About the Project
In rare disease genetics, I have had a longstanding focus on inherited heart muscle diseases, in particular hypertrophic cardiomyopathy, which is a relatively common Mendelian condition which puts affected individuals at risk of sudden cardiac death. My group’s work, using molecular biological, model organism and clinical research approaches, has defined underlying disease mechanisms and treatment targets. Our work on genetic diagnosis of cardiomyopathy and other ‘sudden cardiac death’ syndromes has changed practice worldwide. My cardiomyopathy work is integrally linked with the groups of Prof. Charles Redwood and Prof. Houman Ashrafian as we have worked closely together for many years.
One current area of focus is in laying the groundwork for nucleic acid therapies that have the potential to cure inherited cardiomyopathies – through gene silencing, replacement or editing. To evaluate this we are modelling the effects of cardiomyopathy mutations in myofilament protein genes, and potential interventions, in iPSC-derived cardiomyocytes. The iPSC-cardiomyocyte work is led by Dr Chris Toepfer, a Henry Wellcome Fellow who brings biophysical expertise to the wider group.
A related area of focus is exploring the basis of cardiac remodelling in hypertrophic cardiomyopathy, in particular the role of the immune system. We have shown that there is metabolic crosstalk between stressed cardiomyocytes and neighbouring cells, mediated, at least in part, by cells of the immune system that accumulate in HCM myocardium. We hypothesise that local cardiac immune activity, both acquired and innate, plays an essential and dynamic role in HCM with, as is typical in immunity, a balance of deleterious and protective effects. We are testing this in mouse models.

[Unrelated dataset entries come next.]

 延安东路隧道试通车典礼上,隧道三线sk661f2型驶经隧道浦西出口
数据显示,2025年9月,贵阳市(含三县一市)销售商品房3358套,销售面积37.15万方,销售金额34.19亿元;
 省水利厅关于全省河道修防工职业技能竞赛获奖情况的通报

In common disease genetics, I lead a research group investigating susceptibility genes for coronary artery disease, now the main cause of premature mortality worldwide, working closely with Prof. Martin Farrall who leads on statistical genetic approaches. This work is now entering an exciting phase where we can use functional genomic tools to understand new biology. We have a particular interest in genetically implicated processes in the vessel wall and pursue this in collaboration with Prof. Keith Channon, Dr. Gillian Douglas and Prof. Ellie Tzima and with a network of collaborators funded by a BHF:DZHK award.

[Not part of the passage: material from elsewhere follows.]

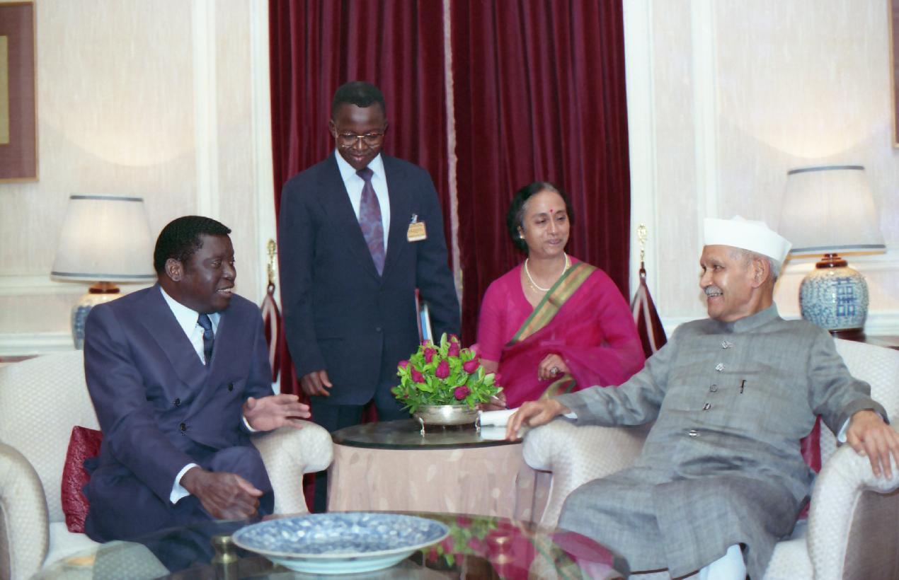 | Caption: | The President of Republic of Togo, H.E. General Gnassingbe Eyadema calling on the President of India, Dr. Shankar Dayal Sharma, at Rashtrapati Bhavan in New Delhi on September 27, 1994. |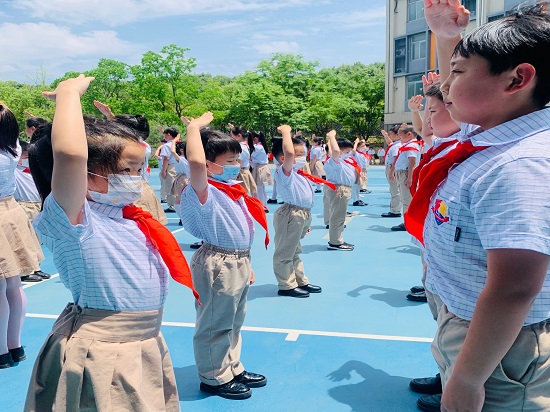 2022年5月,强基融合一年级A班的同学参加了入队仪式。

Our genetic discovery efforts have included recent large scale GWAS in hypertrophic cardiomyopathy (in press in Nature Genetics) which have revealed surprisingly large influences of common variants on disease risk. We are now examining the utility of polygenic risk scores for risk prediction as well as the underlying biological implications of the many new loci. We also have active projects using human genetic approaches to define novel disease genes (eg through the 100k genomes project), and downstream mechanisms, in families with unexplained familial cardiac syndromes. This continues to be a productive source of insights into fundamental cardiac biology and also often leads to direct improvements in patient care.
Depending on the prior experience of the successful candidate, projects in the group would provide training in human genetic analysis, including gene discovery through whole genome sequencing, creation and analysis of mouse models and/or human iPSC-derived cardiomyocytes (both via genome-editing with CRISPR-cas9), cardiac phenotyping of mouse and cellular models. The immunology project will employ cutting edge approaches for investigating immune cell subsets, including single cell genomic analysis, well-established in vivo mouse models, advanced immunological and imaging techniques (e.g. FACSymphony, cell sorting, CyTOF, two-photon confocal fluorescence microscopy, and light sheet microscopy).
Additional supervision may be provided by Dr Chris Toepfer.
More information about training opportunities can be found on our website.
For October 2021 entry, the application deadline is 8th January 2021 at 12 noon (midday).
Please visit our website for more information on how to apply.
Ashrafian H, Czibik G, Bellahcene M, Aksentijević D, Smith AC, Mitchell SJ, Dodd MS, Kirwan J, Byrne JJ, Ludwig C, Isackson H, Yavari A, Støttrup NB, Contractor H, Cahill TJ, Sahgal N, Ball DR, Birkler RI, Hargreaves I, Tennant DA, Land J, Lygate CA, Johannsen M, Kharbanda RK, Neubauer S, Redwood C, de Cabo R, Ahmet I, Talan M, Günther UL, Robinson AJ, Viant MR, Pollard PJ, Tyler DJ, Watkins H. Fumarate is cardioprotective via activation of the Nrf2 antioxidant pathway. Cell Metabolism. 2012 Mar 7;15(3):361-71.
Yavari, A., Bellahcene, M., Bucchi, A., Sirenko, S., Pinter, K., Herring, N., . . . Watkins H, Ashrafian, H. (2017). Mammalian γ2 AMPK regulates intrinsic heart rate. Nature Communications, 8(1), 1258.
Walsh R, Thomson KL, Ware JS, Funke BH, Woodley J, McGuire KJ, Mazzarotto F, Blair E, Seller A, Taylor JC, Minikel EV, Exome Aggregation Consortium, MacArthur DG, Farrall M, Cook SA, Watkins H. Reassessment of Mendelian gene pathogenicity using 7,855 cardiomyopathy cases and 60,706 reference samples. Genet Med. 2016 Aug 17. doi: 10.1038/gim.2016.90.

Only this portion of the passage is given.